▶ **EXERCISE INSTRUCTIONS**
No picture belongs in the copy. Repeat each line below exactly.

▶ **DATA**
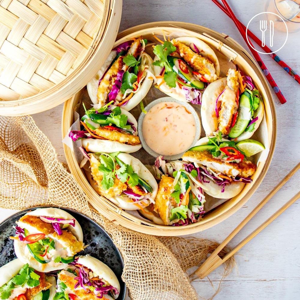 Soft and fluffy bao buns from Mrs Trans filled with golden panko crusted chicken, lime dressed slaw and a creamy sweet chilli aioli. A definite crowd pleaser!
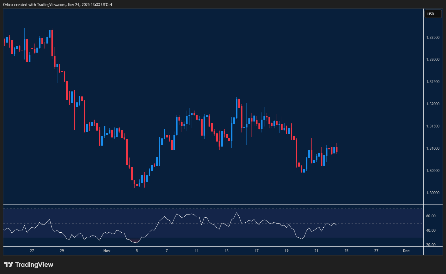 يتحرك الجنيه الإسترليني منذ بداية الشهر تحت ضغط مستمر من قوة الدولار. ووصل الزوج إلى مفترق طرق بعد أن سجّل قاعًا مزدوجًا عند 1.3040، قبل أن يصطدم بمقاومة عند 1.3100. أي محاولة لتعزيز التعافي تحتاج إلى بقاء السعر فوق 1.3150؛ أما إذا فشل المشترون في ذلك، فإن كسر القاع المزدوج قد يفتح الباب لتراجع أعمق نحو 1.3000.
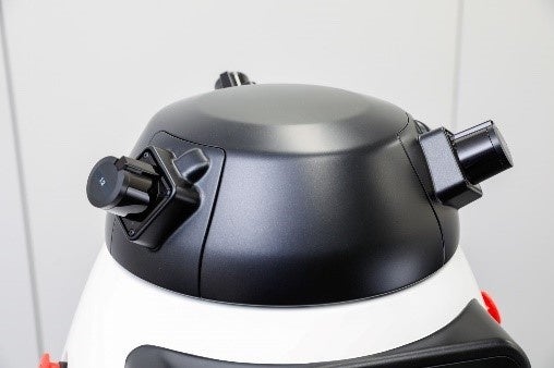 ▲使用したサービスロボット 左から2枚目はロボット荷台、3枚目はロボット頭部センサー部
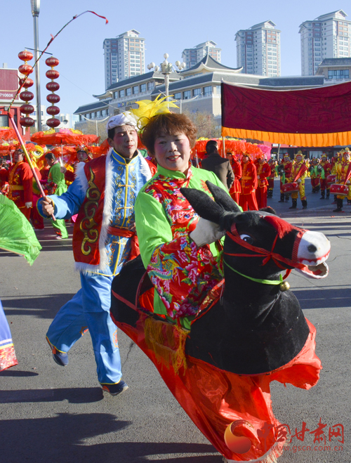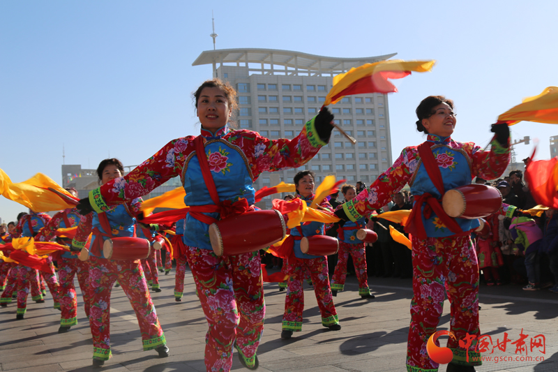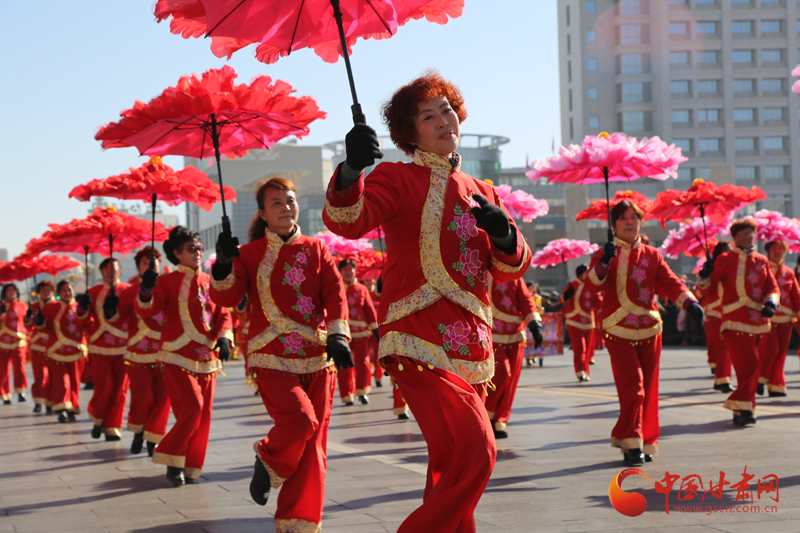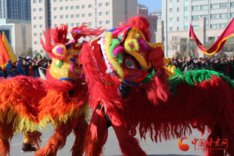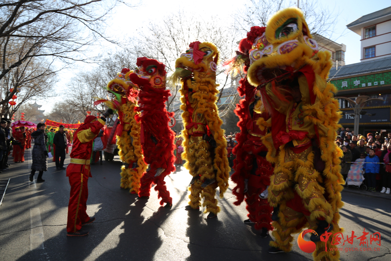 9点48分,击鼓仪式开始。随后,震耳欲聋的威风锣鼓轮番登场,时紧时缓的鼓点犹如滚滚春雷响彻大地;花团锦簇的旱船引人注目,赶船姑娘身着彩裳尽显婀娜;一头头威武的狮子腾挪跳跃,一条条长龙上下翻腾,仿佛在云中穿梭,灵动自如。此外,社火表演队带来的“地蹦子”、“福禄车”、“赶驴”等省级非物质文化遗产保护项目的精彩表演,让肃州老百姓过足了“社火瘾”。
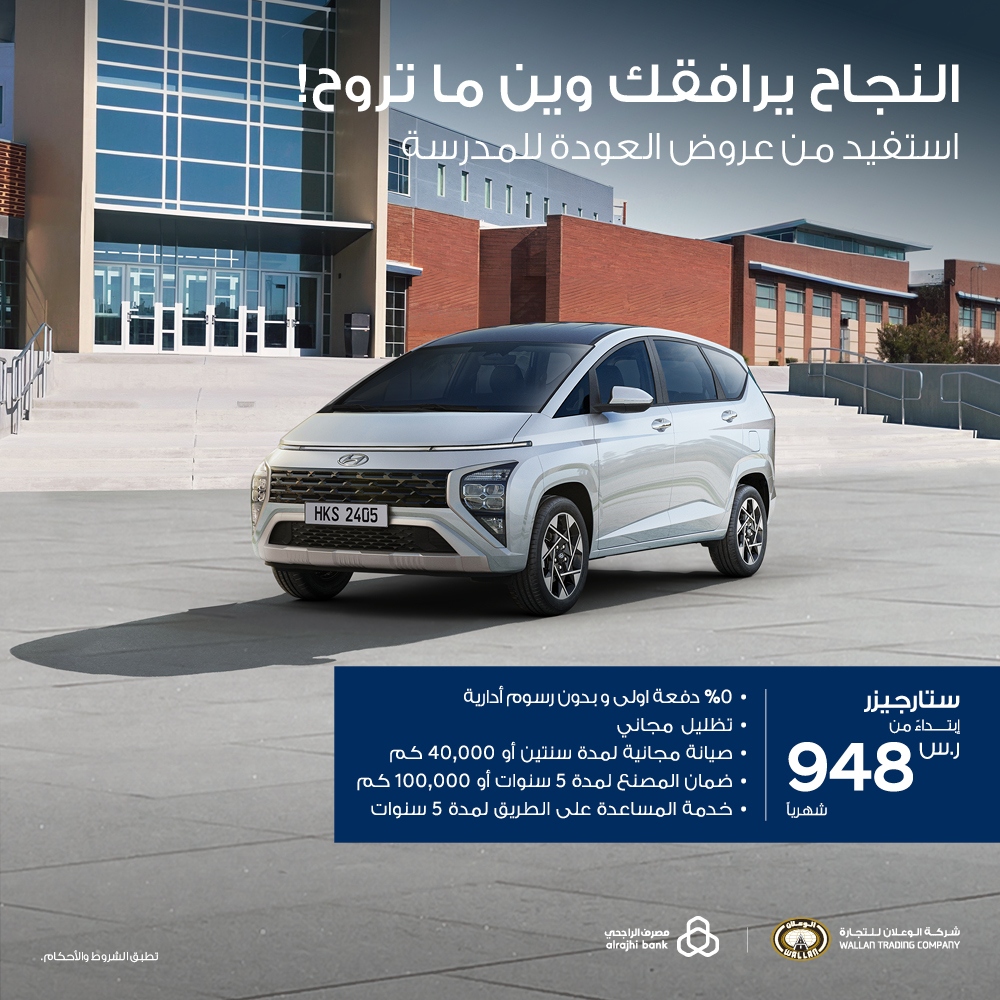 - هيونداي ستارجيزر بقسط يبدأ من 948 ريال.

▶ **EXERCISE SOLUTION**
 Soft and fluffy bao buns from Mrs Trans filled with golden panko crusted chicken, lime dressed slaw and a creamy sweet chilli aioli. A definite crowd pleaser!
 يتحرك الجنيه الإسترليني منذ بداية الشهر تحت ضغط مستمر من قوة الدولار. ووصل الزوج إلى مفترق طرق بعد أن سجّل قاعًا مزدوجًا عند 1.3040، قبل أن يصطدم بمقاومة عند 1.3100. أي محاولة لتعزيز التعافي تحتاج إلى بقاء السعر فوق 1.3150؛ أما إذا فشل المشترون في ذلك، فإن كسر القاع المزدوج قد يفتح الباب لتراجع أعمق نحو 1.3000.
 ▲使用したサービスロボット 左から2枚目はロボット荷台、3枚目はロボット頭部センサー部
 9点48分,击鼓仪式开始。随后,震耳欲聋的威风锣鼓轮番登场,时紧时缓的鼓点犹如滚滚春雷响彻大地;花团锦簇的旱船引人注目,赶船姑娘身着彩裳尽显婀娜;一头头威武的狮子腾挪跳跃,一条条长龙上下翻腾,仿佛在云中穿梭,灵动自如。此外,社火表演队带来的“地蹦子”、“福禄车”、“赶驴”等省级非物质文化遗产保护项目的精彩表演,让肃州老百姓过足了“社火瘾”。
 - هيونداي ستارجيزر بقسط يبدأ من 948 ريال.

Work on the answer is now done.